There is danger in those uncharted waters but I’m of a mind to charge ahead. The problem with the 14’ (not 16’) “trial horse” is that it’s a boat I’d not ever use after a short development cycle and there would still be stuff that would need to be worked out in the larger camp/cruiser. Sailing models are a mixed blessing, one of the major issues you touch on in that Bernard Smith had troubles going from models to full size. Still I may do the model to sort out rigging issues and what happens when the boat goes over on its side.

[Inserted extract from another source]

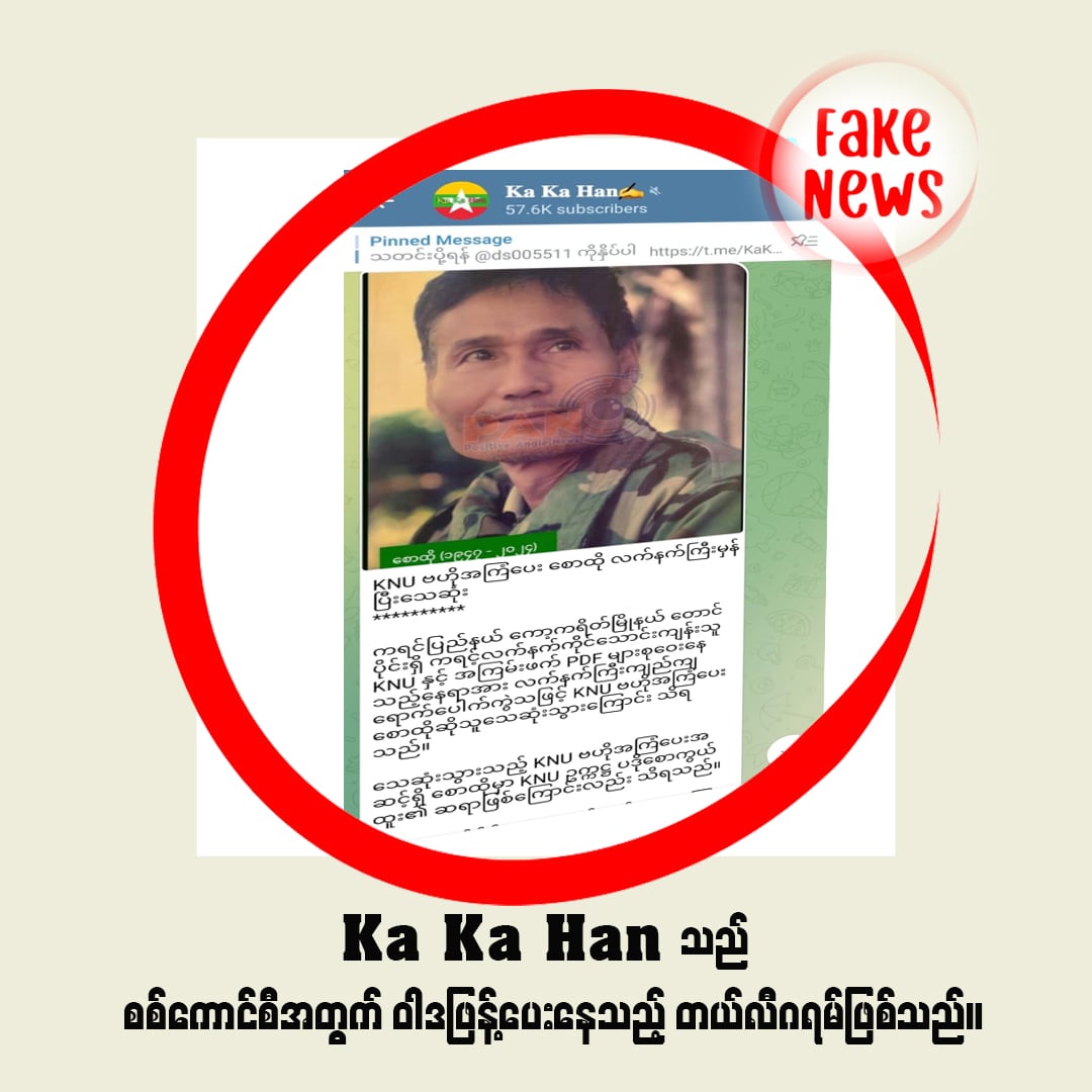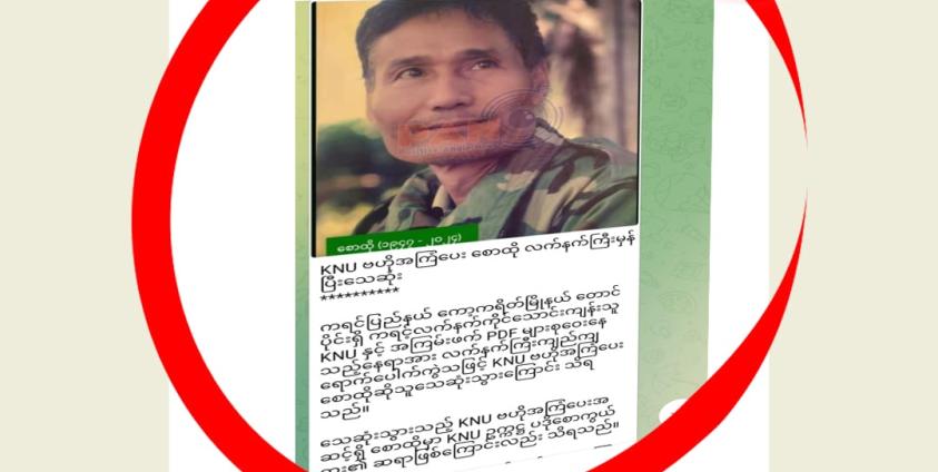 “ကရင်အမျိုးသားအစည်းအရုံး KNU ဗဟိုအကြံပေး စောထိုဆိုသူဟာ ကော့ကရိတ်မြို့တောင်ပိုင်းမှာ စစ်ကောင်စီတပ် ပစ်ခတ်လိုက်တဲ့ လက်နက်ကြီးကြောင့် သေဆုံးသွားပြီ ”ဆိုပြီး စစ်တပ်လော်ဘီတွေ သတင်းအမှားဖြန့်ချီနေပါတယ်။

There’s no doubt I’m fixated on bidirectional rigs and floils, not sure that rational reasoning is involved, but since you asked. Part of the reasoning is I’m just way off to one side of the bell curve. The first Texas 200 I participated in, the first nights camp was at Hap’s Cut, far from normal civilization with a far from normal group. Part of the discussion under the only shade tree for many miles was “why such a strange boat, isn’t it enough to just be doing this oddball thing?”. There’s no really good answer, it’s just “it is what it is”. The proa fixation started with a $50 sailboat race and the idea that the “best” sailboat you could build from a particular pile of materials was a proa insinuated itself in my psyche and hasn’t left (it really is true wink ). Bidirectional rig obsession is a mixed blessing, after several attempts at bidirectional rigs and crab claws I’m of the opinion that bidirectional rigs are best suited to a bidirectional boat but that more investigation is in order.

Back to floils and your original question. Part of the obsession is finding the elegant simple solution to whatever the problem. Floils are one of those things that has the potential to do two things well at the same time, AND do it in less than knee deep water, a real consideration here on the Gulf Coast.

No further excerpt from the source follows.